Players may take cover behind objects during firefights, using it as a tactical advantage and to avoid taking damage from enemies.

Players use melee attacks, firearms, and explosives to fight enemies, and may run, jump, and occasionally swim to navigate through the locations. Melee attacks can be used to silently take down enemies without being detected. Alternatively, players can approach enemies in direct combat, which often results in an intense firefight between the two parties.

A cover system can be used in combat as assistance against enemies. Players have the ability to lean around, over, and under cover, which can be used as a tactical advantage during shootouts and stealth levels. The game gives players a wide variety of weapon options; they can be found on the ground, retrieved from dead enemies, or removed from their stationary position and carried around. Weapon ammunition must be manually retrieved from the ground or from dead enemies. Players have access to a weapon inventory, which allows them to carry as many weapons as they find. With some of these weapons, players have the ability to dual wield, giving them an advantage over enemies by dealing twice as much damage. Players can customize weapons through the use of upgrades; for example, a rocket launcher can be attached to the side of an assault rifle, and a wire cutting tool can be upgraded to a laser gun.

==Synopsis==
===Setting and characters===
The New Order is set in alternate history where Nazi Germany deploys advanced technologies to turn the tide against the Allies and ultimately win World War II, taking over most of the world. Its storyline is loosely connected to 2009's Wolfenstein and features returning characters Kreisau Circle leader Caroline Becker (Bonita Friedericy) and SS-Oberst-Gruppenführer Wilhelm "Deathshead" Strasse (Dwight Schultz), the nemesis of series protagonist, U.S. Army Ranger Captain William "B.J." Blazkowicz (Brian Bloom). The New Order has a branching narrative: during the prologue chapter, Deathshead forces Blazkowicz to decide the fate of one of his comrades. The player's choice as Blazkowicz will create two timeline versions of the game's storyline, where alternate characters are established as replacements for characters who otherwise would have significant roles in the plot.

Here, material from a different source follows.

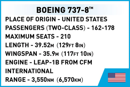 The model of the modern Boeing 737-8™ passenger plane has been faithfully reproduced from 340 COBI construction blocks. Specially designed 1:110 scale elements faithfully reflect the shape of the original. The aircraft is equipped with rotating wheels and folding landing gears. Engines with rotating rotors are mounted under the characteristic wings. The set is completed with a black brick display stand, to which you can attach the included plate with the name of the aircraft! The set uses only permanent prints. No stickers here! The Boeing 737-8™ from COBI is the perfect purchase for all fans of civil aviation, technology and building with construction blocks. Thanks to faithfully reproduced details, it will delight adult collectors, teenagers and young flying enthusiasts, alike!
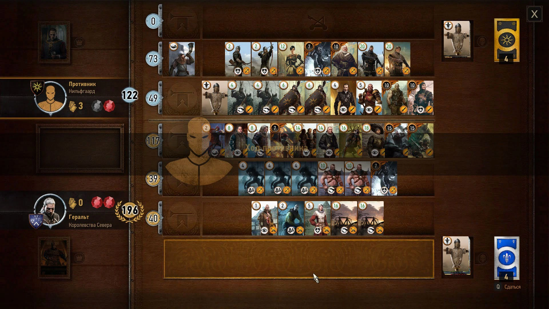 - Нильфгаард — сильная колода карт, отличается мощными особыми картами;

After the prologue chapter, either Scottish pilot Fergus Reid (Gideon Emery) or U.S. Army Private Probst Wyatt III (A.J. Trauth) survives and escapes Deathshead's compound. Blazkowicz suffers a severe head injury during the escape attempt and lapses into a persistent vegetative state. He is brought to a psychiatric asylum in Poland, where he is cared for by its head nurse Anya Oliwa (Alicja Bachleda), and her parents, who run the facility under the Nazi regime. Blazkowicz watches as Anya's parents are regularly forced to hand patients over to Nazi authorities, who deem them Untermenschen for their mental disabilities and take them to Deathshead for unknown experimentation. Blazkowicz and Anya enter into a romantic relationship throughout the game's narrative.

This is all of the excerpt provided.